Il lavoro che da tempo impegna centinaia di uomini delle forze dell’ordine guidate dal Procuratore di Roma, Giuseppe Pignatone, è un lavoro complesso. Non è un caso che lui sia venuto dalla Procura di Reggio Calabria portando i suoi collaboratori più fidati. Una mossa che ha diverse chiavi di lettura, ma nella realtà, insinua il forte dubbio che un sistema malavitoso si sia trasformato in un virus che ha colpito pezzi di apparati di contrasto al crimine nella Capitale. Da oltre 15 anni. Questa è la mission del Procuratore di Roma, debellare la gramigna cresciuta all’interno delle Istituzioni capitoline e distruggere il seme del male rappresentato in larga parte da questo Re di una Roma Criminale che attraversa tutti gli strati della società.
Sono lontani i tempi in cui Massimo Carminati, detto er cecato per aver perso l’occhio durante un tentativo di fuga negli anni ’80, con una Vespa faceva il “pony express” per alcuni capizona della Banda della Magliana ( o così piace dire a qualcuno di loro). Lui, nato nella malavita al fianco di Enrico De Pedis, non è stato solo il ragazzo di bottega come si vuol far credere. E’ diventato l’erede di quell’impero di potere . Un potere che è stato complice di servizi segreti più o meno deviati.

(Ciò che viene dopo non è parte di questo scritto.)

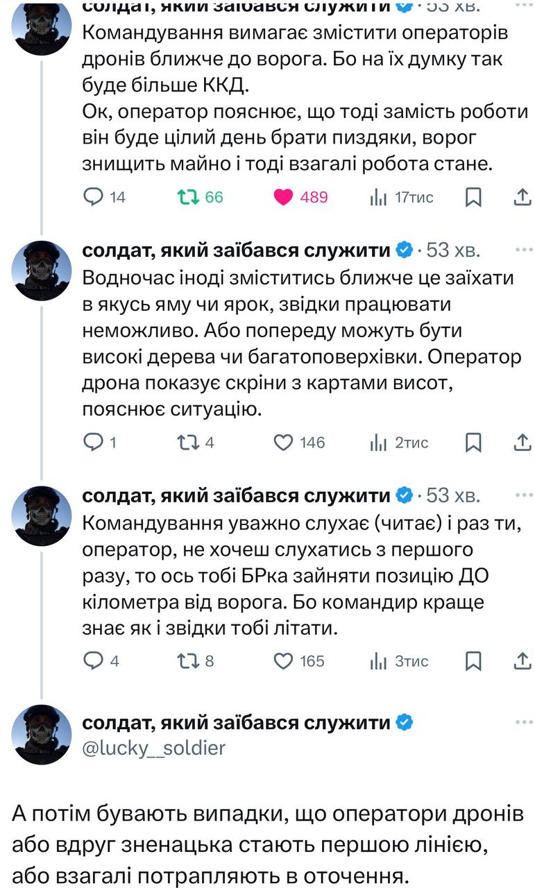 Согласно рассказу одного из военных, командование считает, что операторов дронов нужно размещать ближе к противнику: там, по его мнению, от них больше пользы. При этом операторы пытаются объяснить, что работа на "нуле" угрожает уничтожением всего оборудования или создает ситуацию, когда управление дронами невозможно.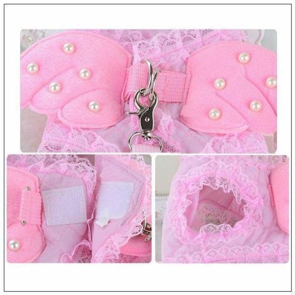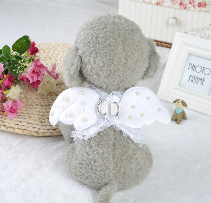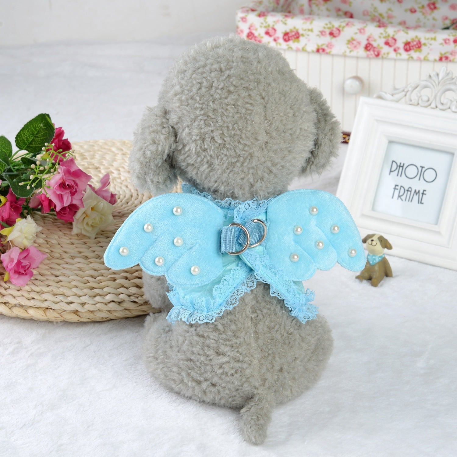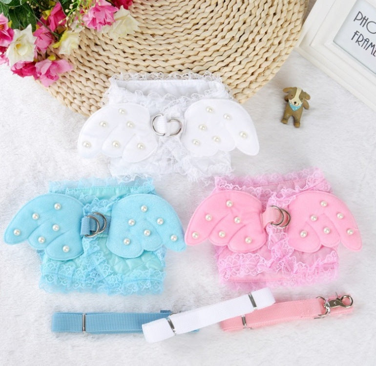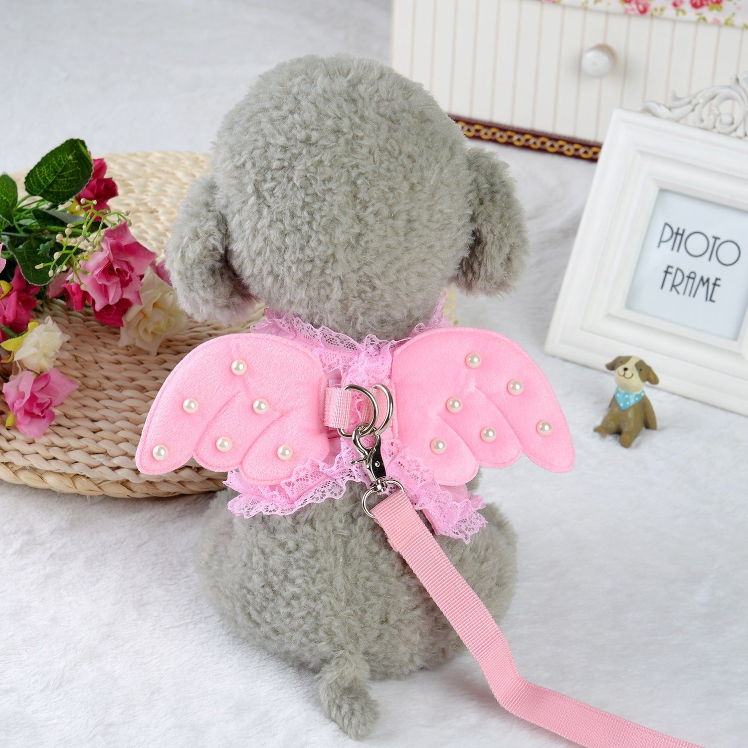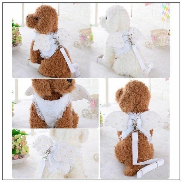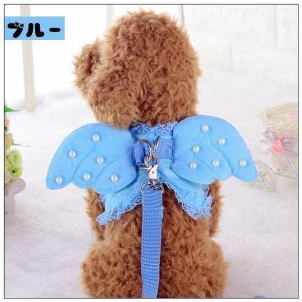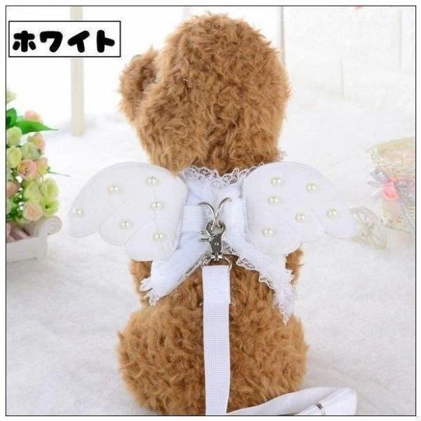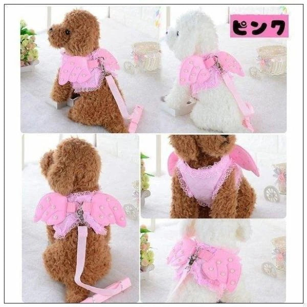 ハーネス リード 2点セット 犬用 ペット用 胴輪 リーシュ 胸当て ベスト お散歩グッズ 天使 羽根 エンジェル リボン メッシュ 小型犬 小型犬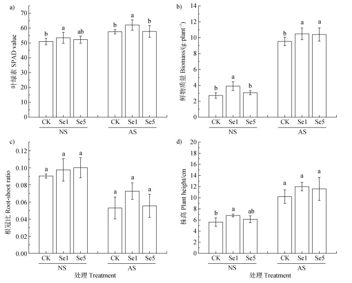 2 结果 2.1 叶面喷施生物纳米硒肥对小青菜生长的影响叶面喷施不同浓度生物纳米硒对小青菜植株生长的影响结果如图 1所示。由图 1a可知,叶面喷施1 mg·L–1生物纳米硒(Se1)能显著(P < 0.05)提升两种土壤下小青菜叶绿素含量;相较各自不喷施硒的对照组(CK),中性土壤(NS)和碱性土壤(AS)中Se1处理组的SPAD分别提升了4.9%和8.0%(P < 0.05);叶面喷施5 mg·L–1(Se5)生物纳米硒对叶绿素含量也有影响,但与对照相比差异不显著。由图 1b和图 1c可知,生物纳米硒能够有效增加两种土壤中小青菜植株地上部鲜物质量与根冠比;中性土壤中,与CK相比,喷施纳米硒处理组的植株地上部鲜物质量和根冠比分别增加了12.8%~43.1%和8.0%~10.8%;碱性土壤中,与CK相比,喷施纳米硒处理组的植株地上部鲜物质量和根冠比分别增加了9.1%~9.9%和4.6%~37.0%。此外,图 1d结果表明叶面喷施生物纳米硒也能增加株高;中性土壤中,Se1和Se5处理组的株高较CK组的分别增加了21.1%和8.9%(P < 0.05);碱性土壤中,Se1和Se5处理对株高也有影响,但与对照相比差异不显著。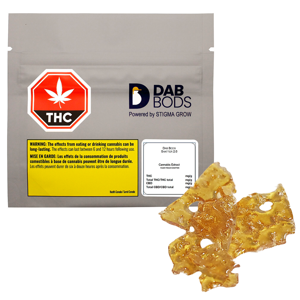 Dab Bods would like to introduce our next generation of Shatter, Fuzzy Peach Shatter 2.0. We will never stop trying to improve our products and our shatter is no exception. With the addition of terpenes, our 2.0 shatter gives a more malleable texture with a heightened taste profile. Fuzzy Peach Shatter 2.0 is sure to be first picked in the Shatter market. Featuring flavours of sweet peaches from the strain Peach Fuzz, this hybrid strain made by crossing TK91, Peach 02, and Wilson is here to make a summer to remember.

Oggi se chiedi un parere a “vecchi ma potenti arnesi” della mala romana sul boss di Corso Francia ti dicono, senza remore, “persona seria”. Due parole che in gergo significa: è rispettato ed è attivo. Non è il solo ad essere definito così, visto che molti della Banda lo sono, ma lui ha qualcosa di diverso. E’ freddo, uomo acuto e deciso, intelligente e culturalmente preparato. Ha una grana criminale di primissimo ordine. Una grana costruita nel tempo tra esperienze, dove la violenza è sempre stato il minimo comun denominatore.
Ha una mente raffinata che gli ha permesso di arrivare in ogni affare importante nella Capitale. Dove c’erano milioni di euro da depredare, l’ombra del cecato si allungava con i suoi uomini fidati, con eserciti di prestanome, con banche accomodanti e politici conniventi. Uomini come Mokbel, Cola, Mancini, Iannilli sono solo alcuni della galassia che circondava il boss. Sono uomini di “quella destra” fatta da cani sciolti ( ma di razza) che usa l’ideologia come una maschera dove nascondere i propri giochi sporchi e allo stesso tempo usa il fascino “del neofascista anni ’70” per intruppare manovalanza a basso costo. E questi sono nomi che rimangono lontani dalle strade e dai quartieri di cemento.
Quando si apriranno le porte delle volanti e dei cellulari, spezzoni interi di generazioni di uomini, che sono rimasti in mezzo al guado tra violenza politica e violenza criminale, saliranno per ingrossare le carceri capitoline.
Il giorno della tempesta perfetta è alle porte. I giochi sono quasi chiusi e molte serrande, quel mattino, rimarranno chiuse.